If you have any advice, I'd love to hear it 

Keep in mind that I cannot find a shelter or animal hospital that will take it in... my transportation is limited and am currenty receiving help from one parent who is experienced with birds AND hiding it from another parent who would kick it out if they found out about it...


----------



## Feefo (Feb 8, 2002)

Hello,

Thank you for taking this baby in, it really needs your help.

As it is already in a fish tank can you rig a bulb to the top, and partially cover the fishtank? This will keep it warm so that its reserves of energy are not wasted.

It's internal organs will have slowed down and will fail without water, so before feeding him you will have to rehydrate.

Mix 1/2 litre (or 1 pint) warm water (preferably filtered) with half a teaspoonful salt, half a tablespoonful sugar or glucose . Stir until the and sugar are dissolved and administer lukewarm. Dip his beak in the water to encourage him to drink on his own. Whatever you do don't squirt the water into its mouth, because if pigeons aspirate fluids they can drown as they can't cough up like we do. 

Check inside its mouth. If it has a soft cheesy growth then it will need to be treated for canker...don't touch the grouth or try to remove it.

Give it a few of hours feeding fluids for the fluids to reach the major organs before you consider feeding. Then you can make a paste of chicken baby food and half a hard boiled egg and feed by forcing the beak open and placing a little drop right in the cup at the end of the beak, he should swallow that. If he doesn't swallow and the throat is clear you can push the food towards the back of the throat as long and it isn't so wet that he can accidentally aspirate.

If you visit Julie (Turkey)'s community webpage you will find simple photographic instructions of how to support an injured wing.
This is the address: http://community.webshots.com/user/jujubear29

Please keep us posted and report any changes.

Cynthia


----------



## Snowbird (Jun 24, 2004)

Addendum: once the bird is warm it must be hydrated and your bird may not drink the electrolyte solution if offered. Then you must force the issue--use an eye dropper and gently hold the beak open and squirt a few drops well back in the throat. I say this because this bird is critical.


----------



## raen (Aug 12, 2004)

I attached some pictures.

It seems to be eating some seeds that I put around the tank but very rarely.
I gave it some of the mixture you suggested last night as well as when I woke up today.
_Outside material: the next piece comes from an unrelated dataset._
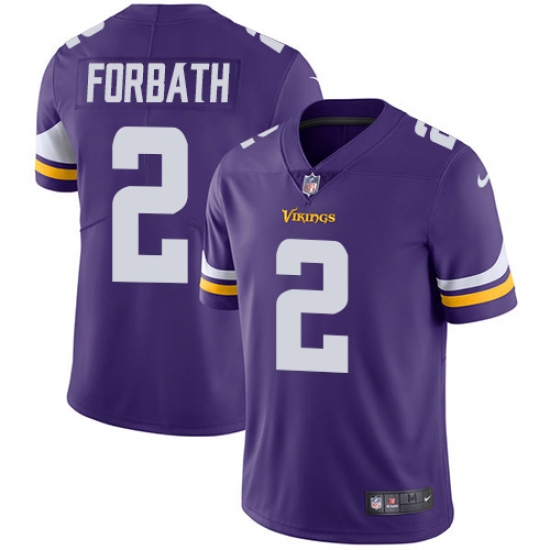 Home>NFL>Minnesota Vikings>Kai Forbath>Youth Nike Minnesota Vikings #2 Kai Forbath Purple Team Color Vapor Untouchable Limited Player NFL Jersey

It will drink if I hold a spoon up to its beek but doesn't want to go to the water dish itself.
It will get up on it's legs now, and the pictures you see are what it currently looks like while sitting in its food dish. I will try the food you suggested.
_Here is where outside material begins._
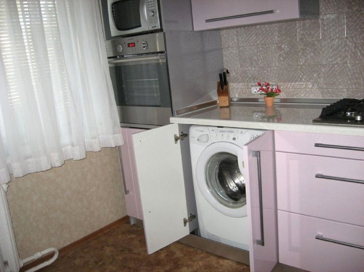 Встроенная стиралка на кухне

After watching it walk around a bit once it was a little more comfortable I'm questioning if the wing is actually broken or not. How can you tell? I know it seems like a silly question but I have not once taken care of a bird. It does seem to be a young bird and maybe it just cannot fly yet. (?)

If you could possibly tell me how old this bird is roughly judging by the bad bad bad camera skills I have I believe it would help.

There is a lamp in the tank,. Half the top is covered by a towel the other is covered by a metal rack that is secured tightly so it wont wall. 

And thank you so much for all the help you have given thus far.


----------



## Whitefeather (Sep 2, 2002)

Hi raen,
Yes, he is a young one. I'm guessing about 4 weeks maybe. 
I'm also not the best judge on ages.  
If he has a 'droopy' wing, there is most likely a problem. Do you have an avian vet near by that you know of? 
Can you check *under* his good wing to see if he is fully feathered. 
You might be correct in that he doesn't quite have his flying skills down yet. He may have fallen out of the nest & just hasn't been taught to forage for food.
There are many factors that could & should be considered.
Others will be along to offer their suggestions as well.

Many thanks for the pictures. He is a little doll baby.  
Please keep us posted.

Cindy


----------



## maryco (Apr 1, 2002)

Hello,

The pigeon is a squeaker (young pij) and looks just fine.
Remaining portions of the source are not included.